In summary, I think I am inclined to say that plants are not capable of feeling pain in a manner that we as animals (particulary as hominids, and likewise other primates) would understand it. But there is always room in science for the revision of our accepted wisdom, were the evidence to come to light.
Title: Re: Can plants feel pain?
Post by: mongo123 on 24/02/2012 14:55:36
i think they do feel pain but don't remember it because they don't have a brain.  So they can react to pain (when they're being eaten they can 'call over the predators' of what is eating them, or they can send toxins to the bits that are being eaten and deter the eater.  So they're purely reactive/hormonal/emotional, not logical.

The reason they feel pain is because it's the motivation to make an effort to keep healthy - putting energy into surviving rather than dying.
Title: Re: Can plants feel pain?
Post by: atlime on 07/01/2015 11:42:50
Question. Humans need sensors to feel the sensations such as pain, need a nervous system to deliver the information that the sensors give it, a brain to identify the signal and figure out what to do, from its memory banks, give a signal to the nervous system to something like muscles, if the response is retracting your hand from the source of pain.
(Which is a rather mechanical view on it and somewhat can be simulated with robotics and computers)

How exactly are plants any different?
They sense they are damaged, being touched, eaten...etc. they end up responding, with chemical reactions and even warning other plants of the danger.
This would indicate that it does have a brain of sorts to comprehend how it should be defending itself at a given time.

Now for the bigger question, since we can't really put the sense of pain in robotics, we use a combination of sensors to simulate it being damaged. Mostly using loss of signal feedback, pressure sensors, vibration sensors etc...

Can we say plants don't have that kind of contraption in them?
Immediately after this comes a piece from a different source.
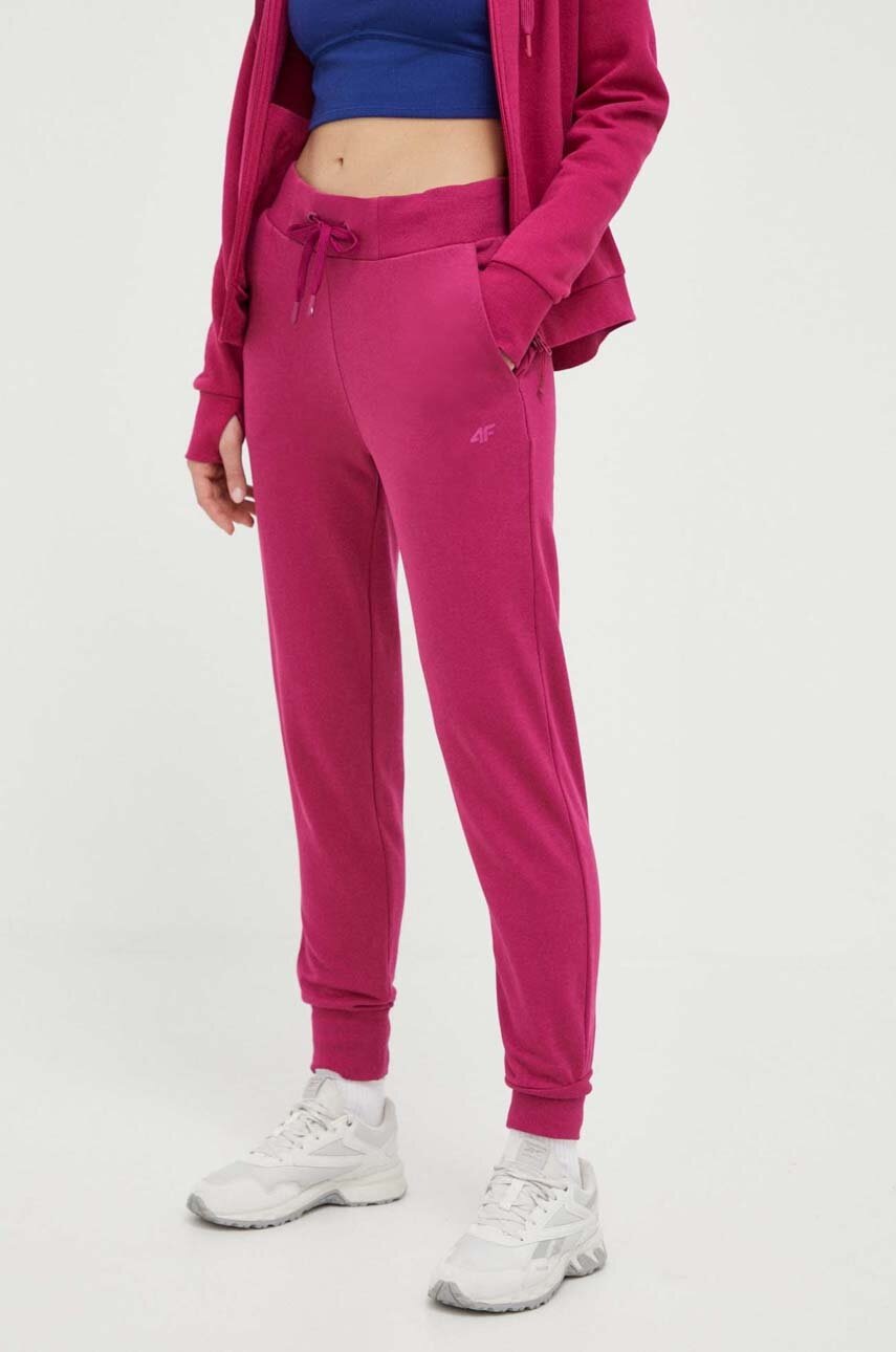 4F pantaloni de trening culoarea violet, neted

Any questions or real answers with backing up would be appreciated
Title: Re: Can plants feel pain?
Post by: Bill S on 08/01/2015 19:35:26
A lot of interesting points have been raised in this thread, and it is tempting to try to respond to too many at once, so I will restrict myself to two points.
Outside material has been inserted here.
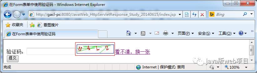 1 <%@ page language="java" import="java.util.*" pageEncoding="UTF-8"%> 2 <!DOCTYPE HTML PUBLIC "-//W3C//DTD HTML 4.01 Transitional//EN"> 3 <html> 4 <head> 5 <title>在Form表单中使用验证码</title> 6 <script type="text/javascript"> 7 //刷新验证码 8 function changeImg(){ 9 document.getElementById("validateCodeImg").src="${pageContext.request.contextPath}/servlet/DrawImage?"+Math.random();10 }11 </script>12 </head>13 14 <body>15 <form action="${pageContext.request.contextPath}/servlet/CheckServlet" method="post">16 验证码:<input type="text" name="validateCode"/>17 <img alt="验证码看不清,换一张" src="${pageContext.request.contextPath}/servlet/DrawImage" id="validateCodeImg" onclick="changeImg()">18 <a href="javascript:void(0)" onclick="changeImg()">看不清,换一张</a>19 <br/>20 <input type="submit" value="提交">21 </form>22 </body>23 </html>
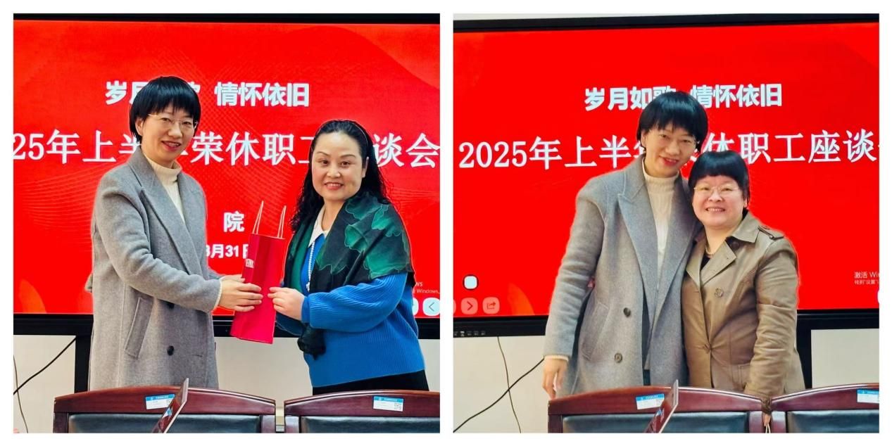 座谈会上,与会同志传阅了一张张承载着岁月记忆的老照片,深情回忆了两位荣休同志的职业生涯,肯定他们为医院发展做出的突出贡献。刘晓玲副院长送上饱含心意的荣休礼物。黄之勤院长高度赞扬他们的职业精神,送上衷心的祝福。

1. What do we mean by pain?  With a few possible exceptions we all know what pain is.  We humans define pain, and understand it in the context of our own experience.  To feel that pain we need our nervous systems and our brains.  They are part of our definition of pain, so without them this particular concept of pain is meaningless.  We can extrapolate our feelings of pain to other animals.  The nearer those animals are, physiologically and mentally, to us, the more accurate this extrapolation is likely to be.   

What we cannot say with any degree of certainty is that creatures further removed from us; animal forms that lack brains, and even plants, do not have a “mechanism” by which they are able to suffer negative experiences in a way we are unable to comprehend. 
   
2.  We have seen, in this thread, examples of plants apparently adopting defensive strategies and warning other plants of danger.  It is easy to anthropomorphise these examples and to treat them as though they were deliberate actions on the part of the plants.  In fact, if we apply to them the precepts of evolution, they can all be explained without recourse to choice, personal or otherwise.